Cuando todo parecía encaminado para que Cristian Barrios se convirtiera, por fin, en nuevo jugador de Junior de Barranquilla, una serie de circunstancias ajenas al acuerdo inicial terminaron por dinamitar una negociación que, hasta hace apenas unos días, se daba por cerrada. Hoy, el panorama es claro: el extremo de 27 años continuará, al menos por un semestre más, en América de Cali, una noticia que cayó como un baldado de agua fría en la afición rojiblanca.
El freno en seco del negocio no responde a un desacuerdo entre clubes ni a un cambio de postura del jugador, sino a una combinación de factores económicos, estratégicos y de mercado que obligaron a Junior FC a recalcular su hoja de ruta en este mercado de fichajes.

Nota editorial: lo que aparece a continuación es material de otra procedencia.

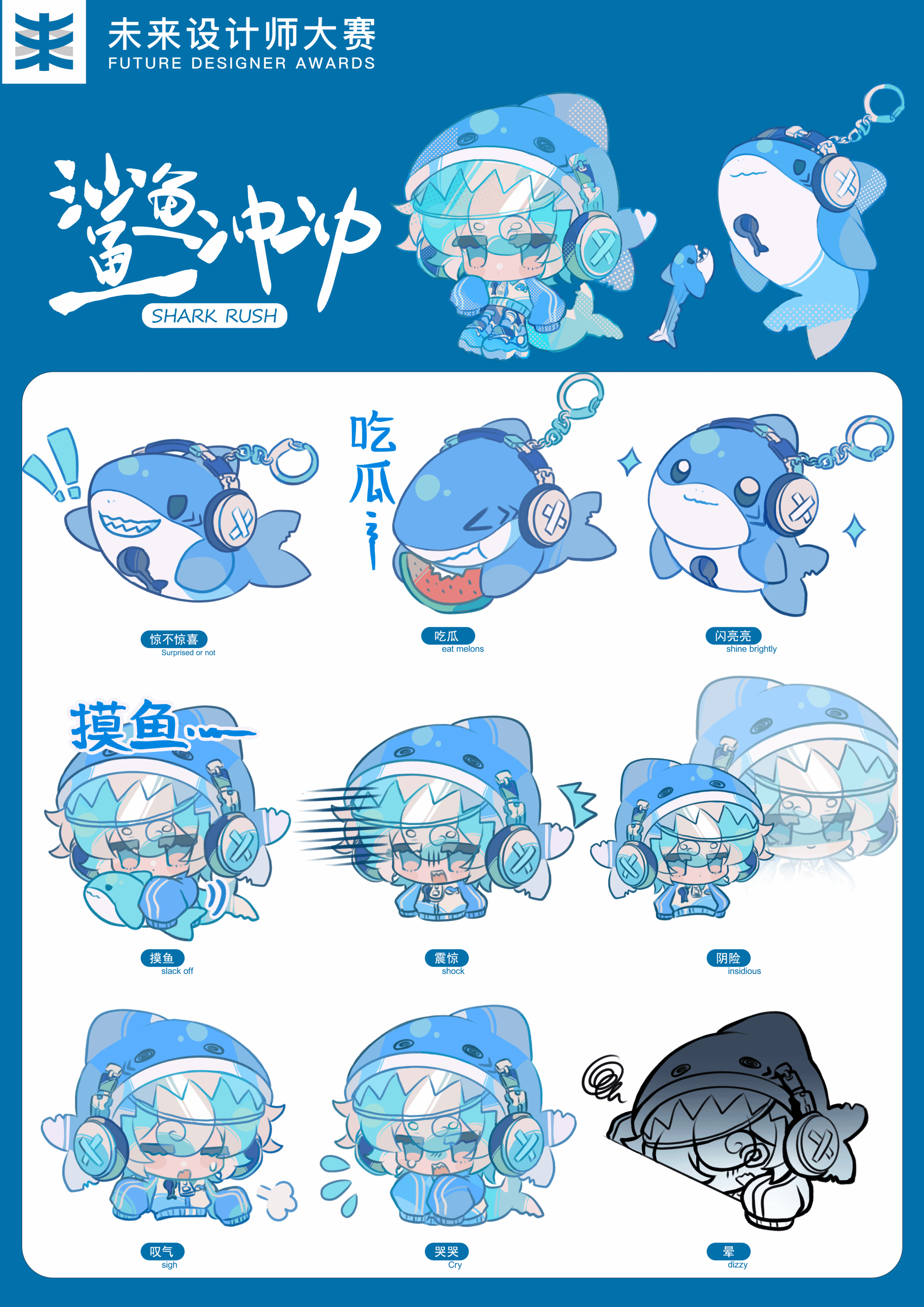 《鲨鱼冲冲》将海洋生物转化为一个当代文化符号。通过将鲨鱼设计成戴透明头盔、挂耳机的可爱拟人形象,搭配纯萌的鲨鱼本体挂件,用 “开心摸鱼”“快乐吃瓜”“晕头转向” 等生活化状态,对应打工人的日常情绪,既保留了海洋生物的清爽蓝调质感,又用夸张的表情动作让情绪更有共鸣感。使用代表福建海洋渔文化的蓝色,拉近民族文化的距离。

Junior, el gran protagonista del mercado en Colombia
No es exagerado afirmar que Junior es hoy el club con mayor músculo financiero del fútbol colombiano. Además de ser el actual campeón, el equipo barranquillero ha demostrado una capacidad poco común para moverse con rapidez y determinación en el mercado.
La reciente venta de José David Enamorado al Gremio de Brasil por cerca de 3 millones de dólares confirmó ese poder económico y abrió, de inmediato, la puerta para buscar a su reemplazo natural. Ese nombre estaba claro desde hace meses: Cristian Barrios, uno de los extremos más desequilibrantes del FPC y un jugador que, además, había manifestado su deseo de salir del América pese a tener un año más de contrato.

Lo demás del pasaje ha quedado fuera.